**** The data ****

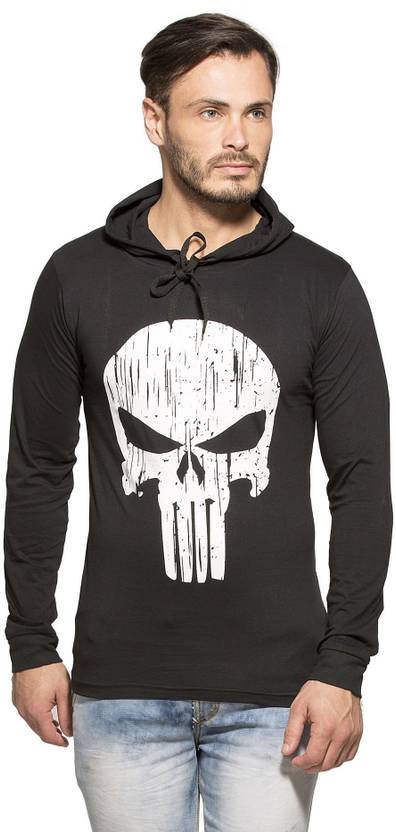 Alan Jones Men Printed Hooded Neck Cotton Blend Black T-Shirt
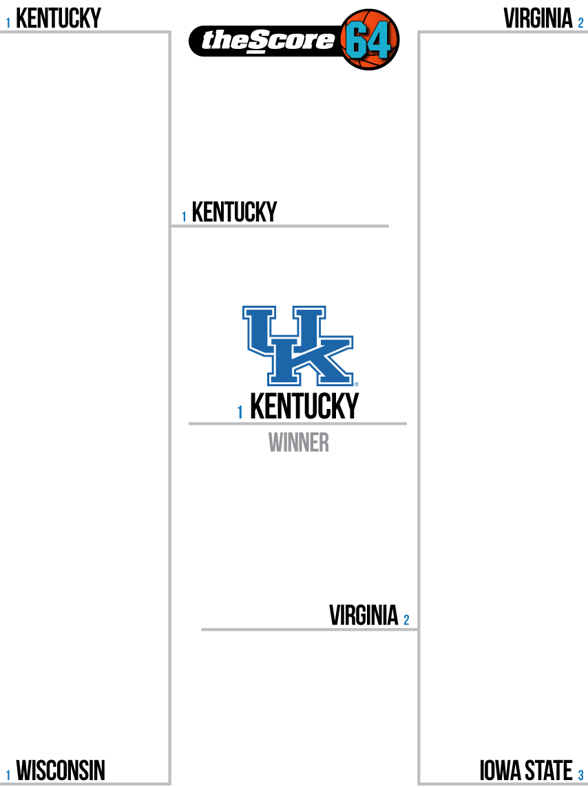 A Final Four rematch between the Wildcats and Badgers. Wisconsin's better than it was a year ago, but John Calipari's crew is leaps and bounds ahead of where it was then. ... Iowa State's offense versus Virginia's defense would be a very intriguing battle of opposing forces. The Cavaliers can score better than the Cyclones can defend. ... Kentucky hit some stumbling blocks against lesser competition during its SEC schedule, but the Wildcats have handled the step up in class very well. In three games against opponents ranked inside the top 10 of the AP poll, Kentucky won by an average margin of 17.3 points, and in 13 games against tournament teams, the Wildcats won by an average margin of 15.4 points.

****
**** The data ****

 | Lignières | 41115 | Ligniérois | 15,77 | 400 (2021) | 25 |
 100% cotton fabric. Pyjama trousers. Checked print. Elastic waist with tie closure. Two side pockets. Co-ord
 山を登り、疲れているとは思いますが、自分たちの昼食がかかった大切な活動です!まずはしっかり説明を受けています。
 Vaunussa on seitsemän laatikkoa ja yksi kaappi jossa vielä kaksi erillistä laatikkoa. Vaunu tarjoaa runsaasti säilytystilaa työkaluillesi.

****

Work to complete: Please reproduce exactly the lines in the listing above from the one containing "山を登り、疲れているとは思い" through the one containing "Vaunussa on seitsemän", both included, and nothing more.

Result of this task:
 山を登り、疲れているとは思いますが、自分たちの昼食がかかった大切な活動です!まずはしっかり説明を受けています。
 Vaunussa on seitsemän laatikkoa ja yksi kaappi jossa vielä kaksi erillistä laatikkoa. Vaunu tarjoaa runsaasti säilytystilaa työkaluillesi.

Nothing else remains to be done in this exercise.